Back in the silent days, the cinema organ player or orchestra used “mood music” books to accompany a film.
These were collections of sheet music with titles like Night: Suspense, Chase and First Kiss. More innovative distributors supplied sheet music with their films, but matching them was still a hit-and-miss affair.
With the arrival of the talkies, music was recorded at the same time as the actors on the sound stage. It was only when technology allowed for the music to be recorded separately that the real art of the movie score took shape.
Under the studio system there was usually a music department, which could resemble a glorified factory. Many composers would work on parts of a single score simultaneously: some composing themes, others working on the orchestration, and others still conducting the recording. (Credits for “additional composing” are still common today.) The key relationship for a film composer is with the director. Usually, the two will sit through a polished cut of the film for a “spotting session,” deciding which parts of the film need music. This is where some of most productive partnerships in movie history were made: Prokofiev and Eisenstein, Lean and Jarre, Leone and Morricone, Williams and Spielberg (39 years and counting). But it hasn’t always been smooth sailing. When Williams first played the Jaws theme on his piano, Spielberg burst out laughing and said: “Well, that isn’t going to do it.”
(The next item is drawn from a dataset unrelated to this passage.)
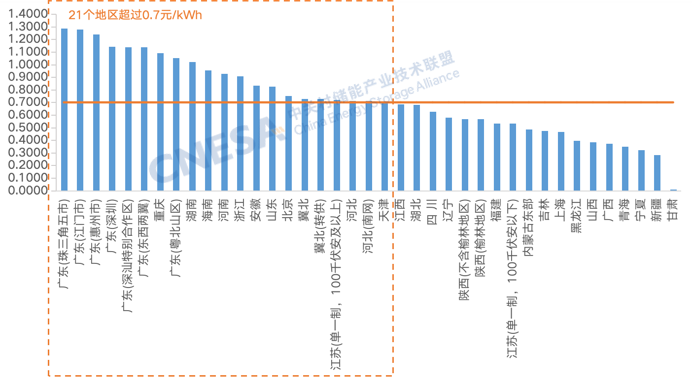 从最大峰谷价差来看,21个省市峰谷价差超0.7元/kWh,9个省市峰谷价差超过1元。广东峰谷价差最大,部分市在1.0元/kWh以上。2025年以来,广东珠三角五市、江门、惠州等地区最大峰谷价差都高于1.0元/kWh,以目前的电价政策测算,广东用户侧储能一年充放电次数可达到600次或以上,用户侧储能“价差套利”收益潜力较高,可能成为用户侧储能的“主战场”。

Film historian and composer Neil Brand says that the first truly modern film score was created by Max Steiner (a prodigy from Vienna who was taught by Brahms) for King Kong in 1933. In his forthcoming BBC Four series, The Music that Made the Movies, Brand explains how Steiner pioneered the use of symphonic techniques, such as recurring themes or leitmotifs for key characters, King Kong among them.
Steiner went on to score everything from The Big Sleep to Gone with the Wind and The Searchers.
James Horner said of his work for Titanic: “I probably wrote all the material in about three hours. The themes literally came to me in 20 minutes.” (Conversely, John Williams went through 300 versions of the five-note alien greeting in Close Encounters of the Third Kind before Spielberg was happy.)